出発の直前までのバタバタした感じは既に礼拝室にはない。
救護所として使っていた消毒液の匂いも感じないように整列したベンチに、今の今まで窓を開けていたみたいに空気は澄んでいて、祭壇もギリアン爺と同じやり方できれいに飾られていたの。

私は祭壇の前に膝を付き祈りの姿勢をとって目を閉じると、無事に帰還できたことを女神に報告し、先に食事してしまったことを丁寧に詫び、それから『芽吹きの歌』を歌ったの。

声はいつもより力強く神殿の隅々まで広がり、まるで神殿の壁がないみたいに通り抜け、山を全て包みこんでしまうのがわかるほどに伸びやかに進み、空気に溶けるのまでしっかりと感じることができた。

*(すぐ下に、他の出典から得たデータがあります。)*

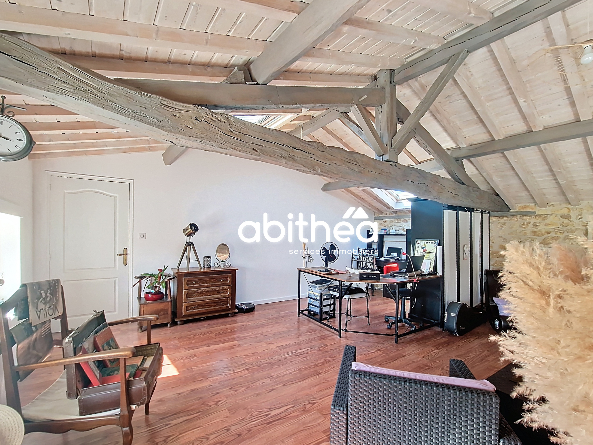 - La mezzanine bénéficie d'une superficie de 28,50 m² baignée de lumière grâce à ses châssis de toit,

2曲目は、『初春薔薇の歌』を歌い始めると、孤児院時代にはなかった男声のパートでウルも歌ってくれたの。
中央神殿で黄金の女神像の前で歌う時のパイプオルガンの重厚さを思い出させるような低いパートから、ギリアン爺が昔弾いてくれた足踏みオルガンのような高さまでの変幻自在なコーラスに、とても心が温かくなったのよ。

歌の終わりも、目を閉じているのにコンダクターが手を握るのに合わせるように、とても気持ち良く歌えたの。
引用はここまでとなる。